RECORDS SUPPLIED:
═══

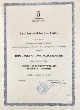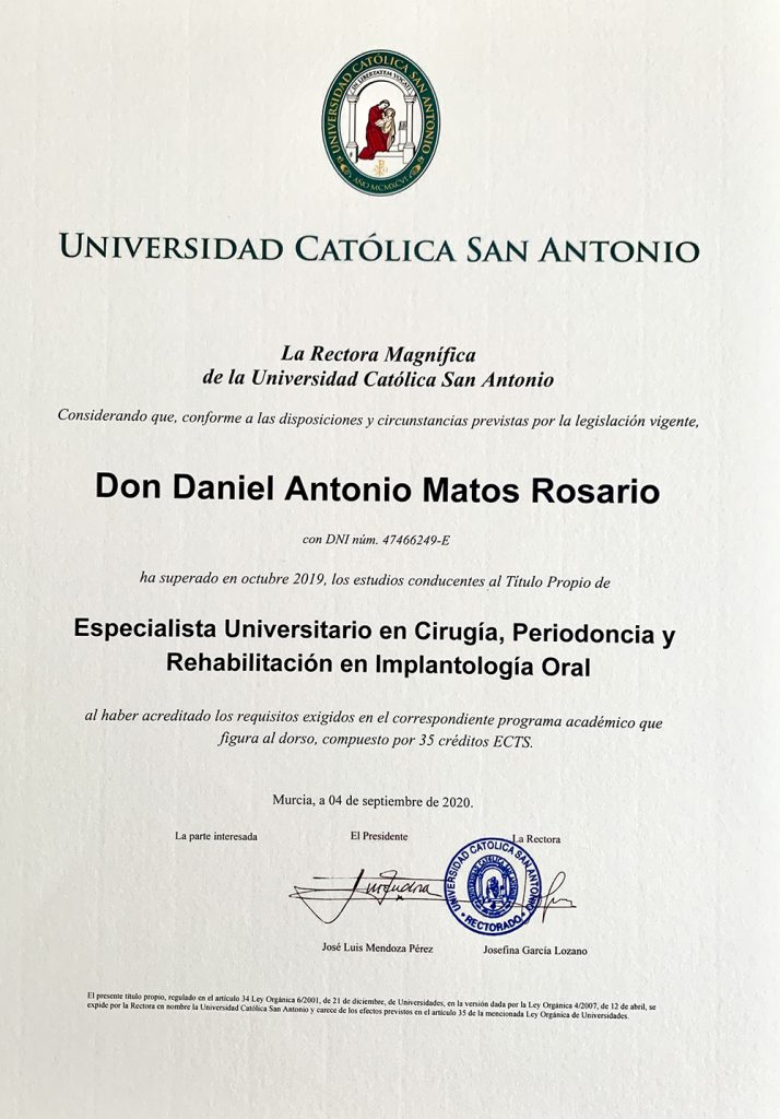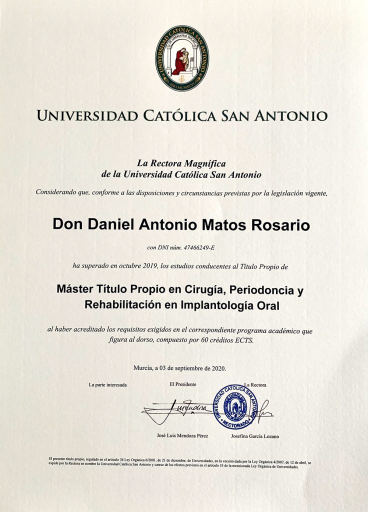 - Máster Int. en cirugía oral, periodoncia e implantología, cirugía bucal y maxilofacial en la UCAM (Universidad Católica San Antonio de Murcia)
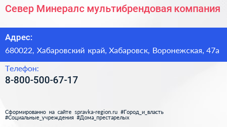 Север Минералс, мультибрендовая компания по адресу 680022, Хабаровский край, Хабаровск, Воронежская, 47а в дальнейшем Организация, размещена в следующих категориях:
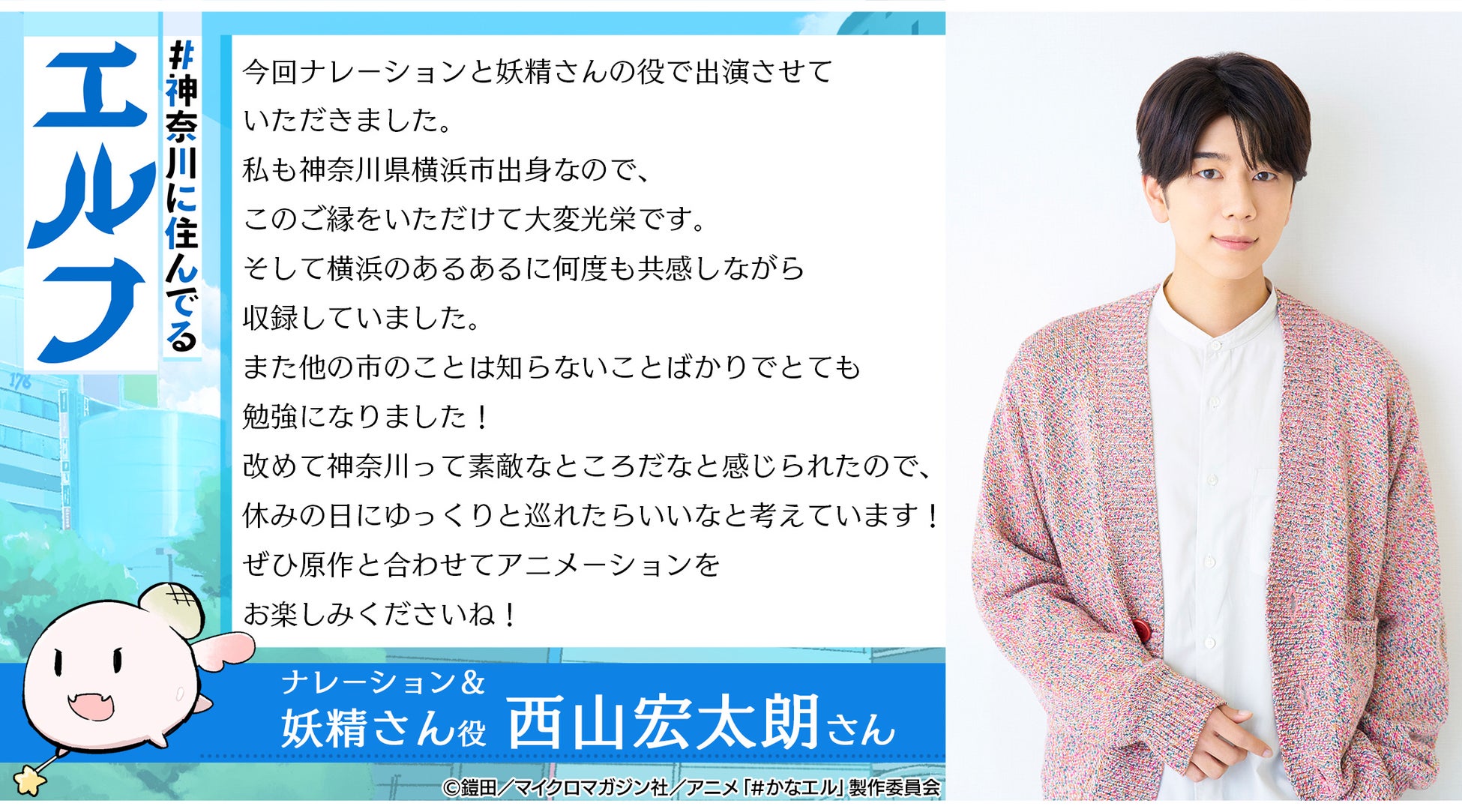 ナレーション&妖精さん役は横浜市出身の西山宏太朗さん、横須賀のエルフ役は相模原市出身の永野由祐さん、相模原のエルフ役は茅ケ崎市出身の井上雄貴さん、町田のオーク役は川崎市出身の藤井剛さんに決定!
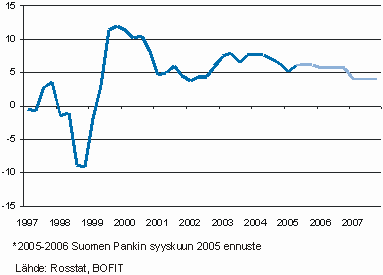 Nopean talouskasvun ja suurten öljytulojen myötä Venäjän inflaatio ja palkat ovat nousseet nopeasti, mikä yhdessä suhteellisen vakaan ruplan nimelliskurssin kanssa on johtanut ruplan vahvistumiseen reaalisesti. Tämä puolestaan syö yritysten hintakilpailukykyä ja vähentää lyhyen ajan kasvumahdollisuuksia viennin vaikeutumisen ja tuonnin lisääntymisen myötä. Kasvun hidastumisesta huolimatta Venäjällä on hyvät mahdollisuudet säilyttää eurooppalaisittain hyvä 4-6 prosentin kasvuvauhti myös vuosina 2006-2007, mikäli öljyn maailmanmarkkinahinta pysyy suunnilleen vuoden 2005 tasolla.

═══

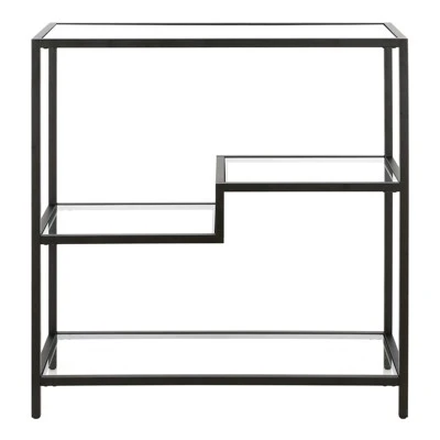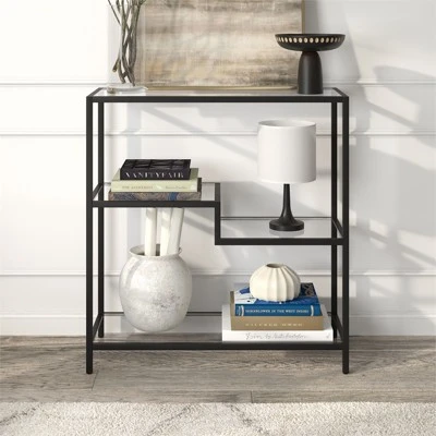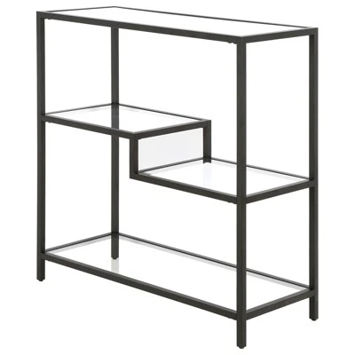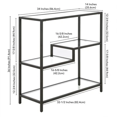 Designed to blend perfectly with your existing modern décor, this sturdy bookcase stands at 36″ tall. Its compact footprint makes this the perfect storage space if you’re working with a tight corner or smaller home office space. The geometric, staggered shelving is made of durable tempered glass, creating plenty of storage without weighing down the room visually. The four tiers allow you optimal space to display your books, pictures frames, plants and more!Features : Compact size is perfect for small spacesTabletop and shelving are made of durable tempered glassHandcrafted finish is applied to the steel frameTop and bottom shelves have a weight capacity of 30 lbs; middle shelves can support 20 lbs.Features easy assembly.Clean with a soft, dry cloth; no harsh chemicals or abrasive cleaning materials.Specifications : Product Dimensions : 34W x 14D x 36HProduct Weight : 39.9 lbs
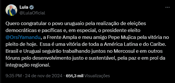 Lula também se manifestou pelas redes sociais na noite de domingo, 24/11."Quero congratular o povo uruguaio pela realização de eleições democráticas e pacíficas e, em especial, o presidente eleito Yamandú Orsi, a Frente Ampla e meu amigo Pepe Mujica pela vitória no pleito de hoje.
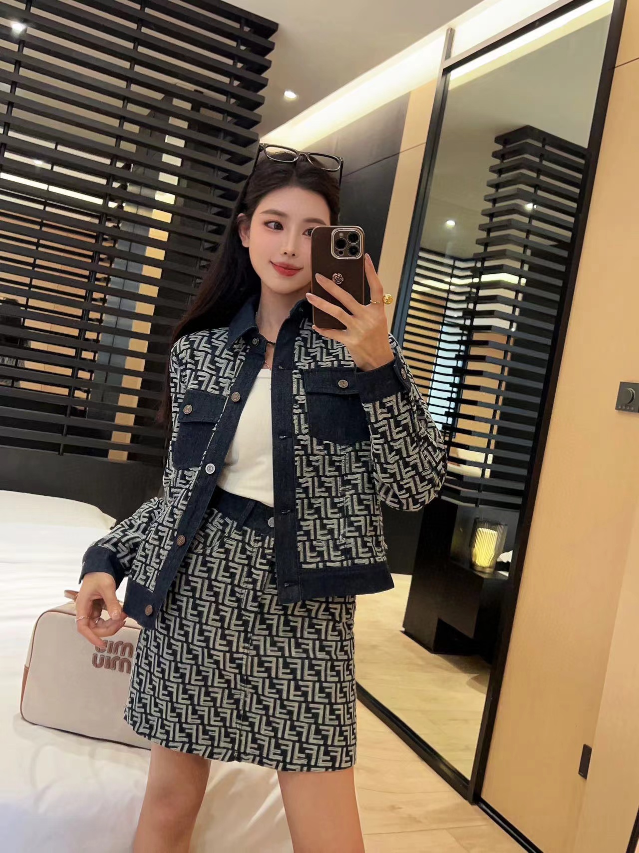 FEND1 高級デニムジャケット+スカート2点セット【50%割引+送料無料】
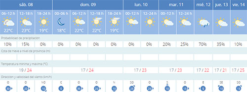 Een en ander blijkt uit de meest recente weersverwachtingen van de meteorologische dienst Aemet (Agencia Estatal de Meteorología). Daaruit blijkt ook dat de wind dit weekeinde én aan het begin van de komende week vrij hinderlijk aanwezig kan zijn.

═══

TASK DIRECTIONS: Skip every picture, and restate word for word only the lines above from the line containing "Север Минералс, мультибрендовая" to the line containing "ナレーション&妖精さん役は横", both of them included.

RESPONSE BOX:
 Север Минералс, мультибрендовая компания по адресу 680022, Хабаровский край, Хабаровск, Воронежская, 47а в дальнейшем Организация, размещена в следующих категориях:
 ナレーション&妖精さん役は横浜市出身の西山宏太朗さん、横須賀のエルフ役は相模原市出身の永野由祐さん、相模原のエルフ役は茅ケ崎市出身の井上雄貴さん、町田のオーク役は川崎市出身の藤井剛さんに決定!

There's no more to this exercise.